The data:
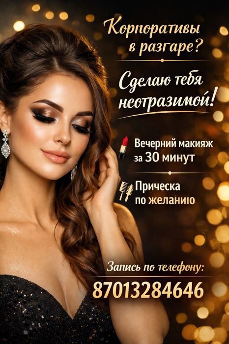 Вечерний макияж + прическа за 30–60 мин
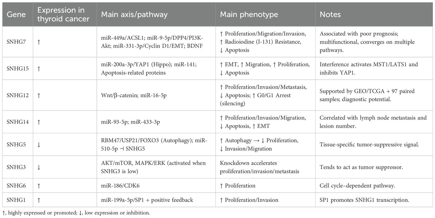 Research by Ding et al. revealed that SNHG12 is highly expressed in thyroid cancer tissues. Silencing SNHG12 inhibits cell cycle progression (G1/G0 arrest), promotes apoptosis, thereby suppressing cell proliferation, and significantly reduces cell invasion and metastasis capabilities. Animal experiments further confirmed that interfering with SNHG12 inhibits tumor cell metastasis to the lungs (34). Mechanistic studies indicate that SNHG12 regulates key molecules in the Wnt/β-catenin signaling pathway, including β-catenin, MMP-2, and Cyclin D1, thereby influencing invasion, metastasis, and proliferation in thyroid cancer cells (34). Given the well-established pivotal role of the Wnt/β-catenin pathway in the development and progression of multiple tumors, this finding suggests that SNHG12 may drive thyroid cancer progression through this pathway(Table 1) (35, 36).
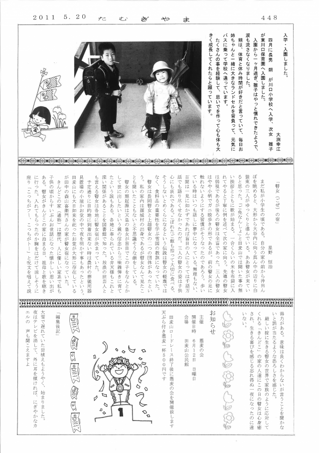 田麦山地区・公民館年間事業 どうでもいいことですが・・・・ 入学・入園しました 瞽女(ごぜ)の宿 星野恒治 お知らせ

Work task: Pictures stay out of the answer; the rest of the listing above is returned exactly.

Response:
 Вечерний макияж + прическа за 30–60 мин
 Research by Ding et al. revealed that SNHG12 is highly expressed in thyroid cancer tissues. Silencing SNHG12 inhibits cell cycle progression (G1/G0 arrest), promotes apoptosis, thereby suppressing cell proliferation, and significantly reduces cell invasion and metastasis capabilities. Animal experiments further confirmed that interfering with SNHG12 inhibits tumor cell metastasis to the lungs (34). Mechanistic studies indicate that SNHG12 regulates key molecules in the Wnt/β-catenin signaling pathway, including β-catenin, MMP-2, and Cyclin D1, thereby influencing invasion, metastasis, and proliferation in thyroid cancer cells (34). Given the well-established pivotal role of the Wnt/β-catenin pathway in the development and progression of multiple tumors, this finding suggests that SNHG12 may drive thyroid cancer progression through this pathway(Table 1) (35, 36).
 田麦山地区・公民館年間事業 どうでもいいことですが・・・・ 入学・入園しました 瞽女(ごぜ)の宿 星野恒治 お知らせ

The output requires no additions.